Maryam ist eine leidenschaftliche Lobpreisleiterin und Teil des Jeremia-Werks in Friedberg. Ich liebe es mit ihr zusammen anzubeten, ihre starke Liebe zu Jesus steckt mich immer mit neuem Feuer an. Viel Spaß bei den Schätzen, die sie uns weitergibt!


Maryam, Lobpreis ist zwar Teil deines Jobs, aber es ist auch deine Berufung und so viel mehr als Musik machen. Was ist Lobpreis und Anbetung für dich?


Anbetung für mich ist unsere natürliche Antwort auf die Größe und die Schönheit Gottes. Es ist ein in Einklang Kommen mit der Realität des Himmels. Das Verlangen etwas Größeres anzubeten steckt in jedem von uns. Wir sind dazu geschaffen. Und wenn es nicht Jesus ist, dann beten wir jemanden oder etwas anderes an.

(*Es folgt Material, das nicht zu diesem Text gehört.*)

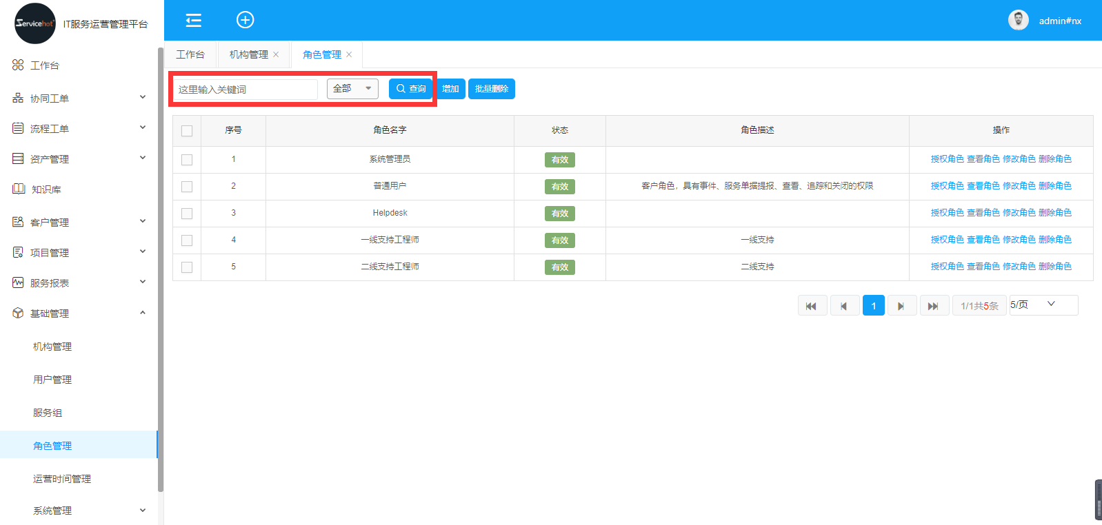 選擇「基礎管理」>>「角色管理」進入如下圖新增角色界面;

Das heißt ja eigentlich auch, dass wir jeden Tag neu entscheiden können wen oder was wir anbeten. Wie wird denn die Anbetung Gottes zu einem Lebensstil?


Es wird zu einem Lebensstil indem wir es zu einem machen. So wie das auch z.B. beim veganen Lebensstil ist. Man wird Veganer indem man seine Ernährung umstellt. Nicht durch einem äußerlichen Druck, sondern aus leidenschaftlicher Überzeugung. Ganz praktisch würde das bedeuten, regelmäßig anzubeten. Nicht aus einem komischen Zwang heraus, sondern aus einem überfließenden Herzen. Es gibt auch Momente, wo mein Herz mit Schmerz oder Trauer überfließt. An diesen Punkten fordere ich meinen Geist heraus mit dem Geist Gottes Gemeinschaft zu haben und beginne anzubeten, auch wenn es zunächst schwer fällt. Nach ein, zwei Minuten verändert sich dann meine Perspektive und ich komme in den Einklang mit der Realität Gottes.

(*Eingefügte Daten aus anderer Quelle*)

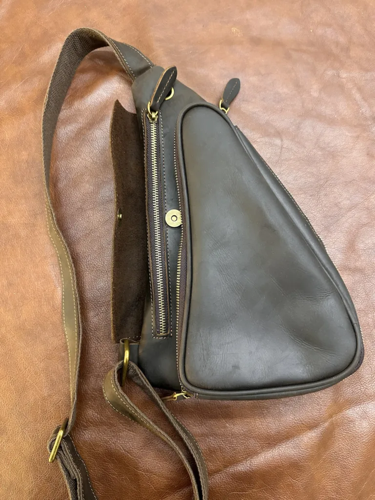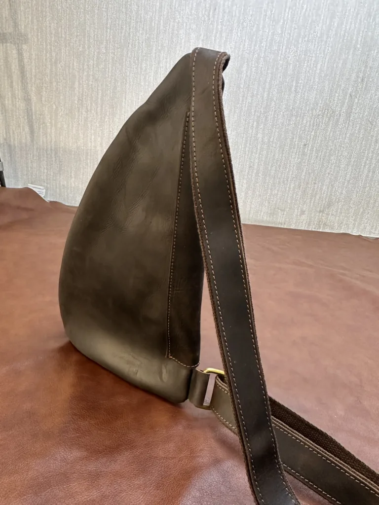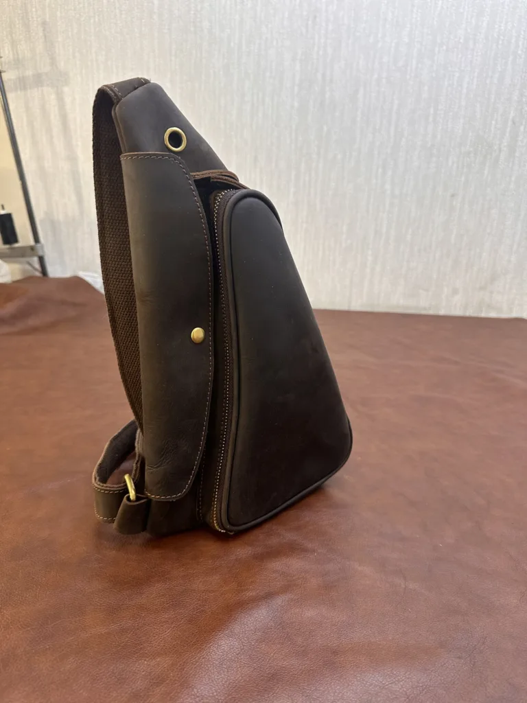 Изделие изготовлено из качественной натуральной кожи, что обеспечивает долговечность и эстетичный вид. Швы выполнены аккуратно, без торчащих ниток. Сумка может использоваться как на груди, так и на плече или спине благодаря регулируемому ремню. Подходит для повседневного использования и формальных встреч.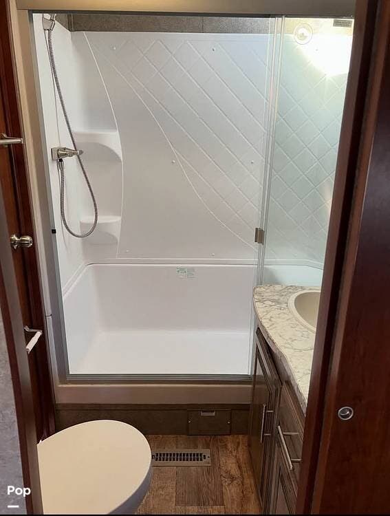 The bathroom is complete with a large walk-in shower and additional storage space.

Du hast gerade angesprochen, dass unsere Anbetung etwas mit unserem Geist zu tun hat. Was geschieht denn in der geistlichen Welt, wenn wir anbeten und was macht das mit Gottes Herzen?

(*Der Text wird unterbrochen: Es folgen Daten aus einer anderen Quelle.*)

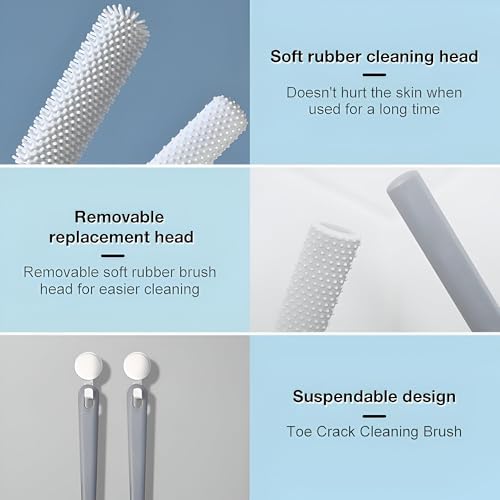 Generic - فرشاة فواصل الأصابع، منظف سيليكون بمقبض طويل للتقشير وفرك القدمين للبالغين وكبار السن، تصميم مطاطي ناعم لتنظيف لطيف أثناء الاستحمام، قطعتان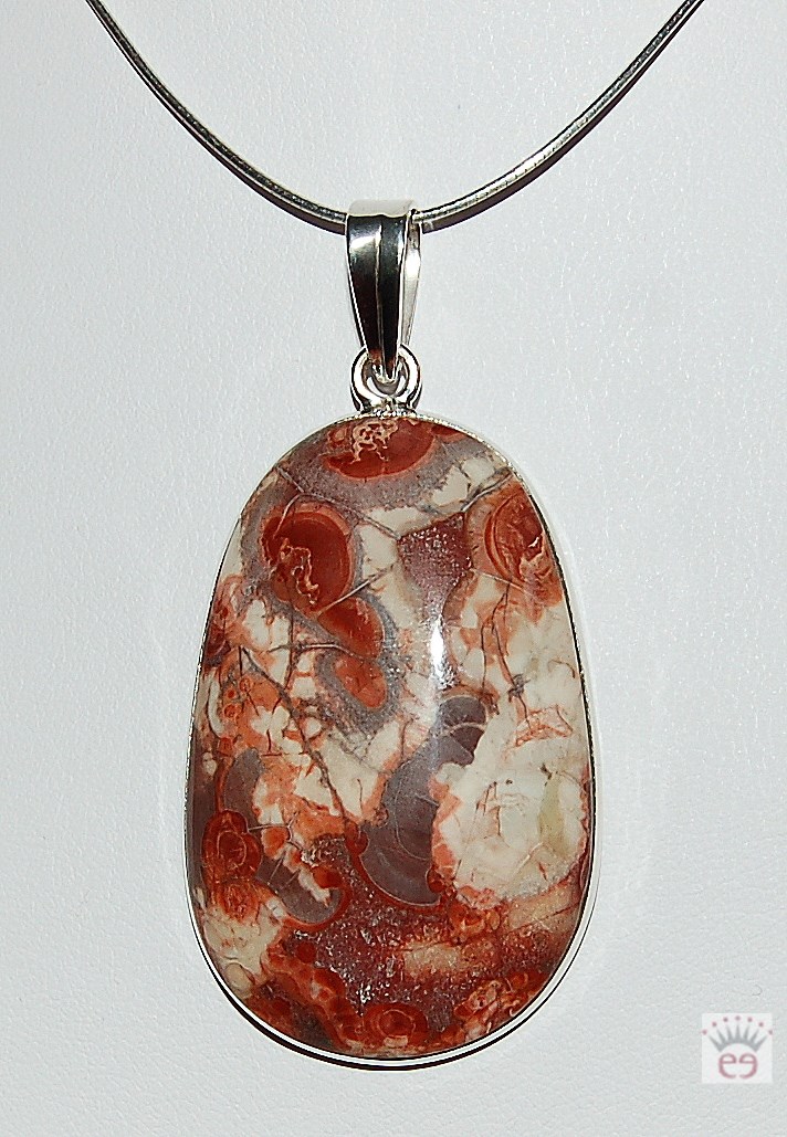 Edelsteinanhänger Fossile Koralle, oval, Silber 925, ca. 44x28mm

Wenn wir anbeten, tauchen wir ein in die Gemeinschaft der Überwinder-Gemeinde des Himmels und einer Vielzahl von Engeln und Heiligen. Wir werden eins mit der Realität, die vor dem Thron Gottes ist. In diesem Moment werden Himmel und Erde eins. In der Anbetung kann Jesus beginnen an dem Ort, an dem wir in anbeten, ganz real auf der Erde zu regieren. Wir erkennen seine Herrschaft an und bekommen einen Vorgeschmack auf das, was eines Tages für die ganze Welt kommen wird. In diesen Momenten freut sich das Herz Gottes. Er braucht unsere Anbetung nicht aber er liebt sie so sehr. Es berührt sein Herz und er jubelt mit und über uns.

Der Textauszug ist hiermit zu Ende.